Independently of the causes underlying the evolution and loss of MSCI, the contrasting X-expression patterns in male reproductive tracts of hatchlings versus 4th nymphal stage likely reflect the start of meiosis I. Thus, in hatchlings where dosage compensation is complete (Fig 3A), cell divisions would be largely mitotic (spermatogonia stage). MSCI would start in cells entering meiosis I, resulting in the X-linked expression pattern we observe in reproductive tracts at the 4th nymphal stage (Fig 3A). In accordance with these interpretations, observation of cells from 4th nymphal stage testes reveal the presence of many cells at meiosis I, whereas we could not find a single cell in meiosis I in squashes from testes of male hatchlings (S7 Fig). Finally, it appears that X-linked expression is somewhat elevated in reproductive tracts of adult males as compared to those of 4th nymphal stage males (Fig 3A). This is most likely due to the larger portion of somatic tissues in adult male reproductive tracts, most notably accessory glands, which are very small in all nymphal stages but well developed in adults (Jelisaveta Djordjevic, personal observation, see Fig 1A). Such a pattern is known to also occur in Caenorhabditis elegans, where the X is completely silenced in germ cells and changes in X-linked expression during development are caused by changes in the ratio of somatic to germ cells [56,74,75]. More generally, the observation of reduced X-expression in male gonads without investigation of associated mechanism is typically interpreted as lack of dosage compensation in this tissue [1113,56]. However, as we observe in Timema, dosage compensation in males may well be ubiquitous across tissues and developmental stages in many species, and reduced X-expression patterns would solely be driven by MSCI.

Conclusion

Dosage compensation by upregulation of the single X in males consistently occurs in somatic tissues across development in Timema poppense. By contrast, X-expression in male reproductive tracts is dynamic. It starts with complete dosage compensation in the first nymphal stage, when spermatogonia have not yet entered meiosis I, and is followed by X inactivation in later nymphal stages when most gonadal cells are undergoing meiotic divisions. We suggest that the reduced X-linked expression in testes is solely driven by X chromosome inactivation during meiosis, and does not stem from a lack of dosage compensation in Timema. This is likely generally the case in insects with reduced X-linked expression in testes.

Supporting information

S1 Table. Number of RNA-seq samples per sex, for every developmental stage and tissue.

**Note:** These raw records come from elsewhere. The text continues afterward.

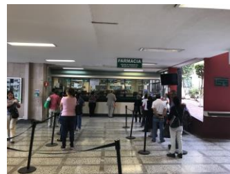
VESTIBULO DE DISTRIBUCION GENERAL, FARMACIA Y SERVICIOS ADMINISTRATIVOS PLANTA BAJA
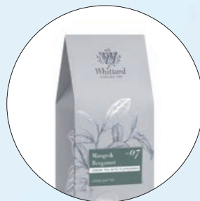
📍 Whittard 芒果佛手柑绿茶盛宴
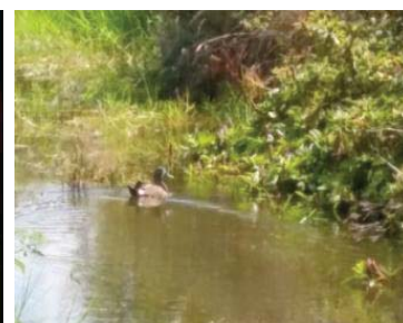
4 Anas discors ANATIDAE
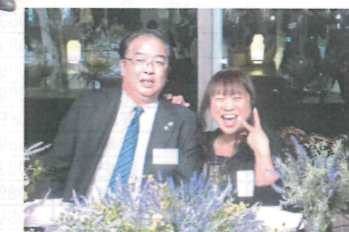
新郎新婦?固まる安永会長
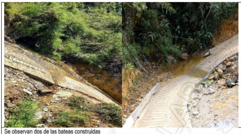
Se observan dos de las bateas construidas

Las bateas (obra civil en concreto) construida conserva los parámetros del cauce tanto en lo ancho como en lo profundo, por lo que dicha obra no obstaculiza el libre flujo de su caudal y/o representa un cambio negativo sobre el ecosistema de la zona.
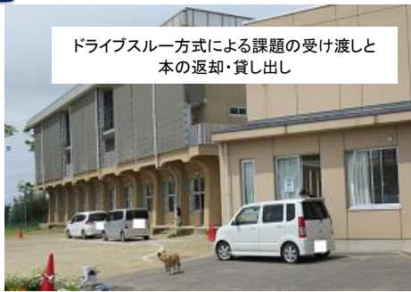
ドライブスルー方式による課題の受け渡しと本の返却・貸し出し
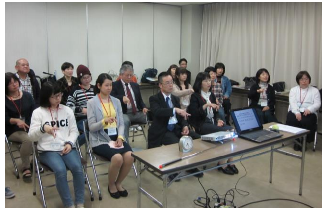
左写真【手話奉仕員養成講座の様子】
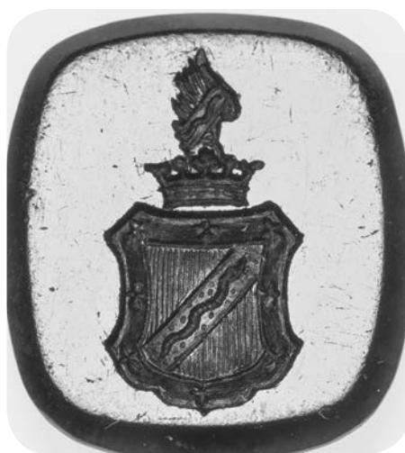
Ил. 5. Печать с гербом рода Бреверн. Яшма кровавая (геллотроп). 1,3 × 1,2 см. Инв. № И12115. Государственный Эрмитаж

https://doi.org/10.1371/journal.pgen.1011615.s001

(XLSX)

S2 Table. Results of Wilcoxon tests where the ratio of male to female average RPKM values were compared between autosomes and the X chromosome within every developmental stage and tissue.

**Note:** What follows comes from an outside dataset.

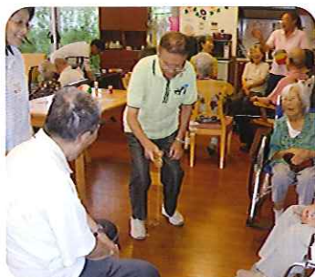
▲腕の見せどころです

これからも多くのイベントを企画し、利用者さんの笑顔を多く見られるように取り組んでいきます。
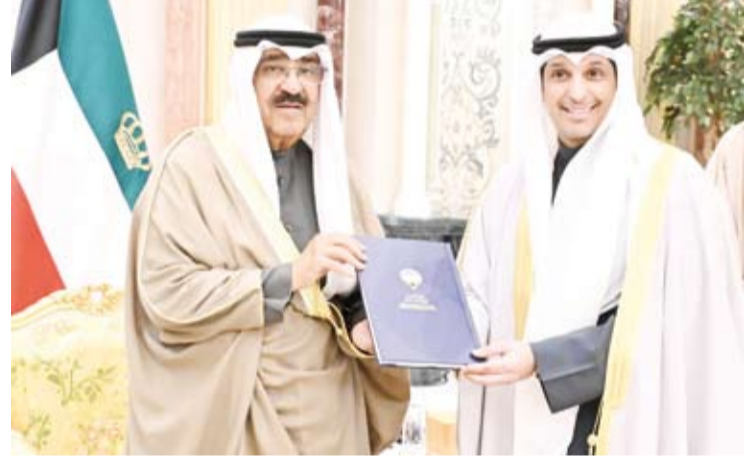
سمو الأمير ومعه وزير الإعلام عبد الرحمن المطيري

◆ سمو الأمير: «كفيتم بجهودكم.. ووفيتم بعهدكم» العطاء للوطن ووضع الكويت في القلب ونصب العيون والعمل بروح الفريق الواحد من ركائز النجاح والتميز ◆ دعم كامل للاستمرار فيما تشهد كويتنا الغالية من نهضة تنموية في شتى المجالات ◆ المطيري: رعاية سمو الأمير رسالة نبيلة تعكس عمق رؤيته الثاقبة وحرصه الدائم على تجسيد دور الكويت الرائد

The column “stage” indicates the developmental stage; N1-N4 (1st to 4th nymphal stage), A- adult, the column “tissue” the different tissues, the column; “p.adjusted”- fdr correction of p-values for multiple testing using the Benjamini & Hochberg method (Benjamini and Hochberg 1995).

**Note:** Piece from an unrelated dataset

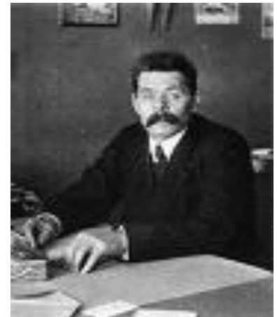
Максим Горький (настоящие фамилия и имя Пешков Алексей Максимович)
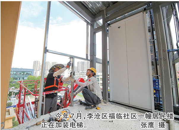
今年7月,李沧区福临社区一幢居民楼正在加装电梯。

https://doi.org/10.1371/journal.pgen.1011615.s002

(XLSX)

S3 Table. Results of Wilcoxon tests where average RPKM values were compared for autosomal and X-linked genes for each sex and within each developmental stage and tissue (indicated in the “Tissue” column).

The “Stage” column denotes the developmental stage, with N1-N4 representing the 1st to 4th nymphal stages and A indicating the adult stage. Columns: Group1 and Group2: Specify the groups being compared, with colored cells highlighting the comparisons of interest. “p.adjusted”: Represents the false discovery rate (FDR) corrected p-values, utilizing the Benjamini & Hochberg method for multiple testing.

https://doi.org/10.1371/journal.pgen.1011615.s003

(XLSX)

S4 Table. Sex-biased gene counts during reproductive tract development at N1 (1st nymphal), N4 (4th nymphal), and A (adult) stages.

It includes MB (male-biased), FB (female-biased), SB (total sex-biased genes), and T (total expressed genes) categories, with percentages in brackets. Differential gene expression between the sexes was assessed using a generalized linear model with a quasi-likelihood F-test (Chen, et al. 2016) in edgeR v.3.42.4 (Robinson, et al. 2009; McCarthy, et al. 2012) in each of the three developmental stages as described in (Djordjevic, et al. 2022).

https://doi.org/10.1371/journal.pgen.1011615.s004

(XLSX)

S5 Table. Wilcoxon tests comparing tissue specificity [Tau], calculated across three somatic tissues, between scaffolds within each sex (“variable”; Females, Males).

Columns: Group1 and Group2: Specify the scaffolds being compared, with colored cells highlighting the comparisons of interest, “p.adjusted”: Represents the false discovery rate (FDR) corrected p-values, utilizing the Benjamini & Hochberg method for multiple testing.

https://doi.org/10.1371/journal.pgen.1011615.s005

(XLSX)

S1 Fig. T. poppense X chromosome identification.

The plot shows the log2 ratio of male to female coverage of 100 kb sliding windows across the genome. Alternated colours designate different chromosomes, with chromosome 3 showing a much lower overall male to female coverage ratio.

https://doi.org/10.1371/journal.pgen.1011615.s006

(TIF)

S2 Fig. Mean expression levels per gene along the X chromosome (in base pairs) in brain somatic tissue at 1st (N1), 4th (N4) and adult (A) stages in females (left) and males (right).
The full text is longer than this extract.